__WORK ORDER__:
Leave out every picture and set down, exactly, the lines below from the one holding "Дерево было густое, но" up to and including the one holding "1970s Men's 21J".

━━━━━ DATA FOR THIS EXERCISE ━━━━━

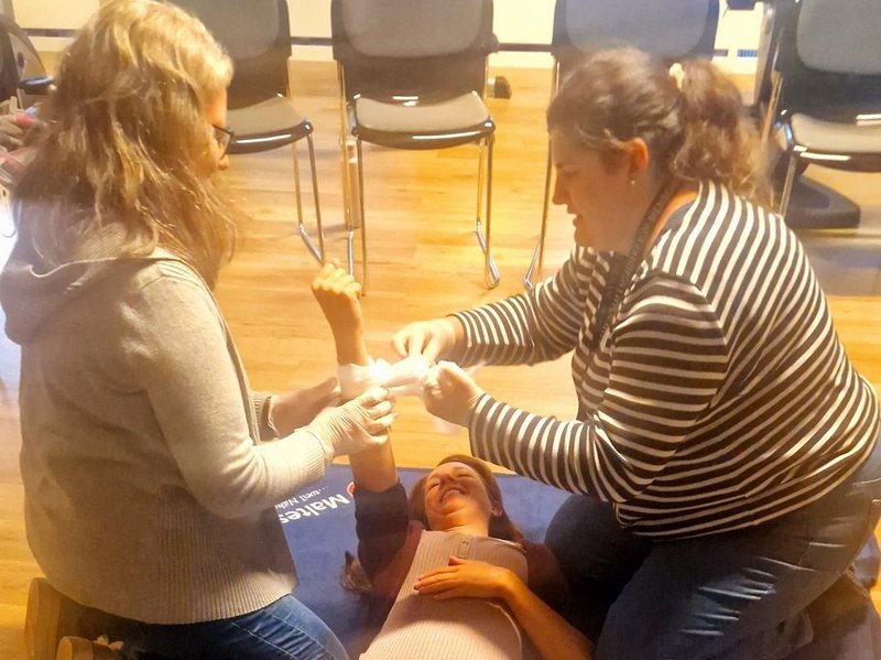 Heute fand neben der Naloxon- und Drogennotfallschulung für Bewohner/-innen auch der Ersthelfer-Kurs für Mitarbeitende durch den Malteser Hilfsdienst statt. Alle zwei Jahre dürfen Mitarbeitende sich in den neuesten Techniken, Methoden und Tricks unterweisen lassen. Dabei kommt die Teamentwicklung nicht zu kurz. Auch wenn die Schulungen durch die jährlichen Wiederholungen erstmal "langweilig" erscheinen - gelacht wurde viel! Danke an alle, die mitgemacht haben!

━━━━━
━━━━━ DATA FOR THIS EXERCISE ━━━━━

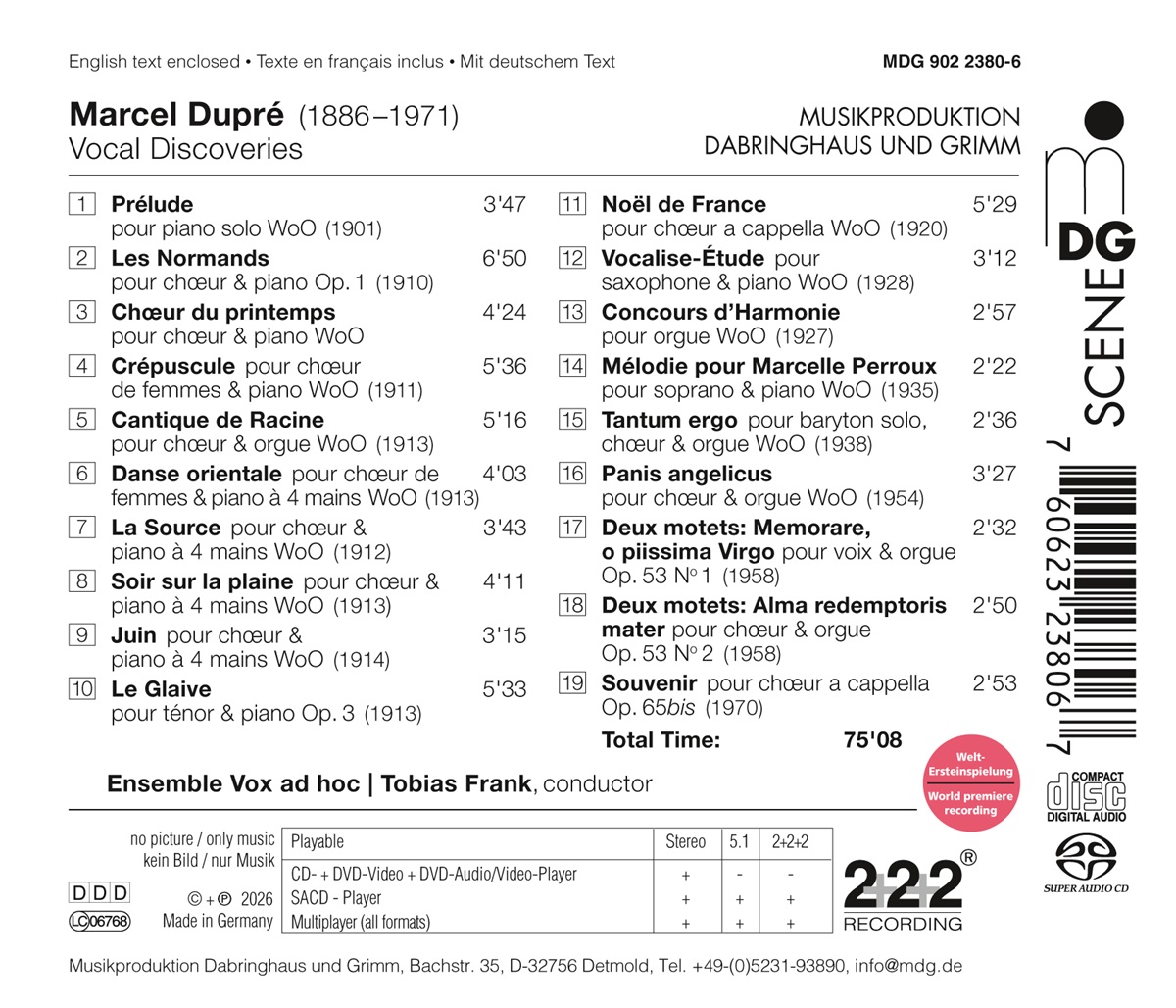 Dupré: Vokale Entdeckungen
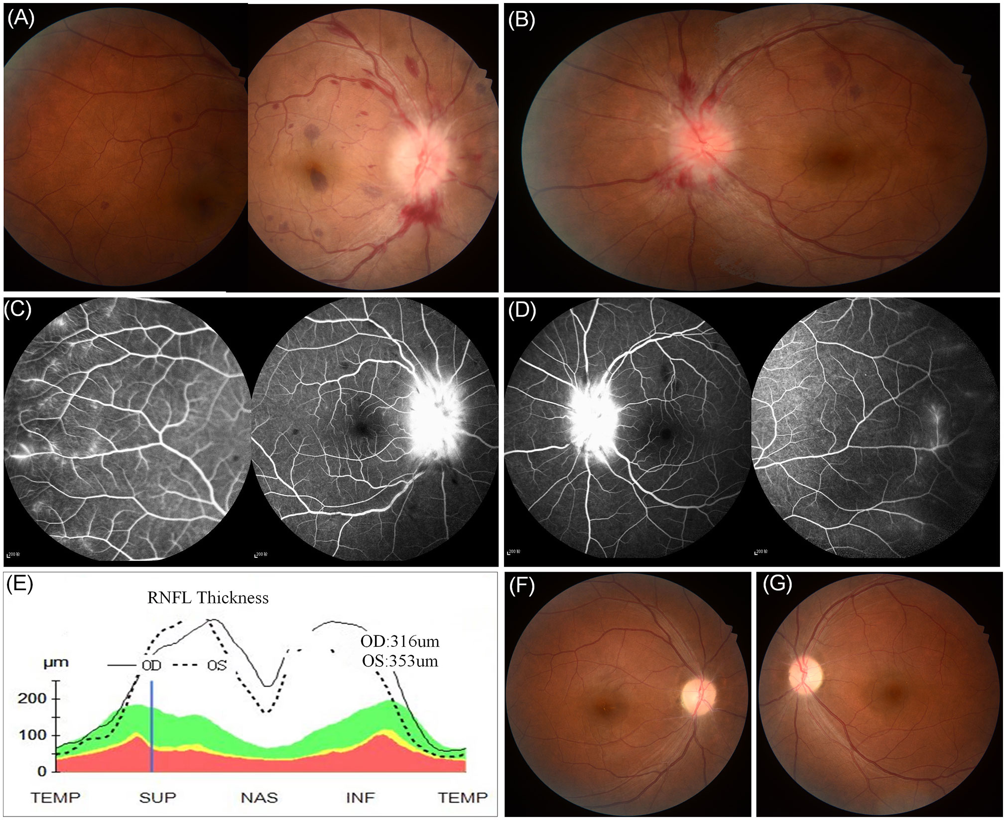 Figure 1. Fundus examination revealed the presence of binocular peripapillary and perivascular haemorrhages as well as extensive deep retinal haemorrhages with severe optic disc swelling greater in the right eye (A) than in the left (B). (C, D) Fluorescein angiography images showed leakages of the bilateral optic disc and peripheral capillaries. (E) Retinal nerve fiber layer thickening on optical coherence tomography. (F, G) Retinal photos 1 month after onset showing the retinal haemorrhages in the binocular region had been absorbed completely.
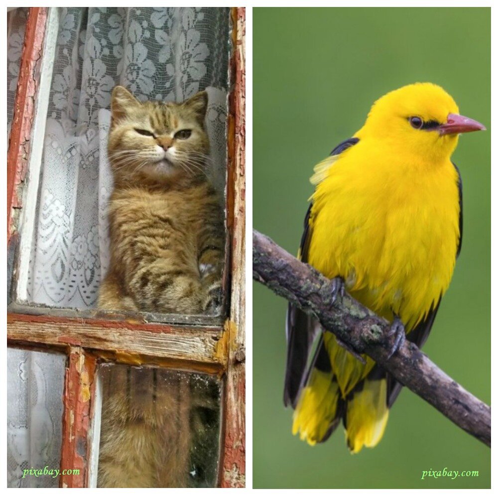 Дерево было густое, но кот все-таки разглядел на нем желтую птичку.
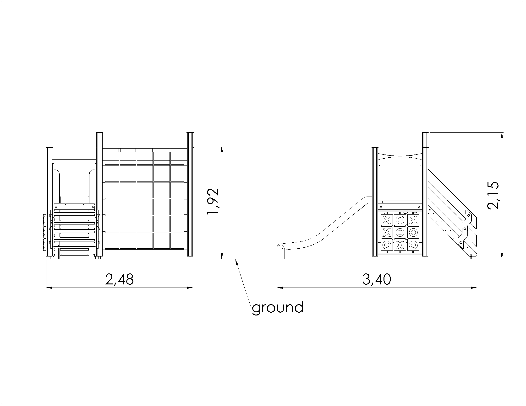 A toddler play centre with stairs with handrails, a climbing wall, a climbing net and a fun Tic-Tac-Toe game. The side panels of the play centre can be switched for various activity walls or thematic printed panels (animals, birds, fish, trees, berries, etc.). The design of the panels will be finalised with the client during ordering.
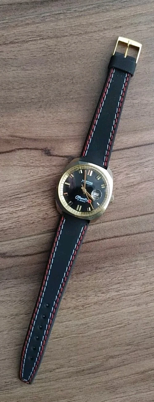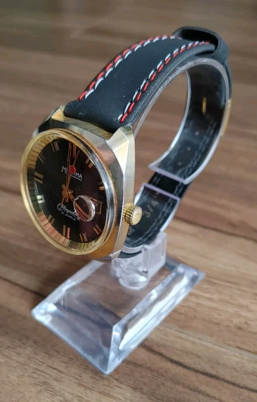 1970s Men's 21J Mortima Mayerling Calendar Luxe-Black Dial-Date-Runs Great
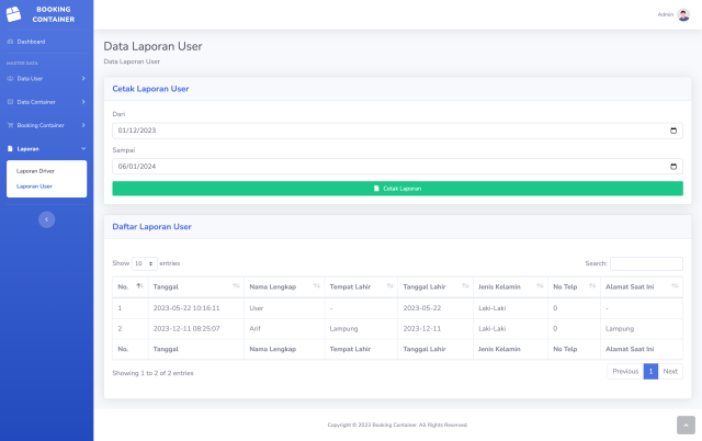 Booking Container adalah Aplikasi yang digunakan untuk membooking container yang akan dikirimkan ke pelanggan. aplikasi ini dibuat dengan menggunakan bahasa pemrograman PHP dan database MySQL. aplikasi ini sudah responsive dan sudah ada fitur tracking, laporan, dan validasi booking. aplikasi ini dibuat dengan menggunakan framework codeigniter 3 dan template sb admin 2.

━━━━━

__RESULT__:
 Дерево было густое, но кот все-таки разглядел на нем желтую птичку.
 A toddler play centre with stairs with handrails, a climbing wall, a climbing net and a fun Tic-Tac-Toe game. The side panels of the play centre can be switched for various activity walls or thematic printed panels (animals, birds, fish, trees, berries, etc.). The design of the panels will be finalised with the client during ordering.
 1970s Men's 21J Mortima Mayerling Calendar Luxe-Black Dial-Date-Runs Great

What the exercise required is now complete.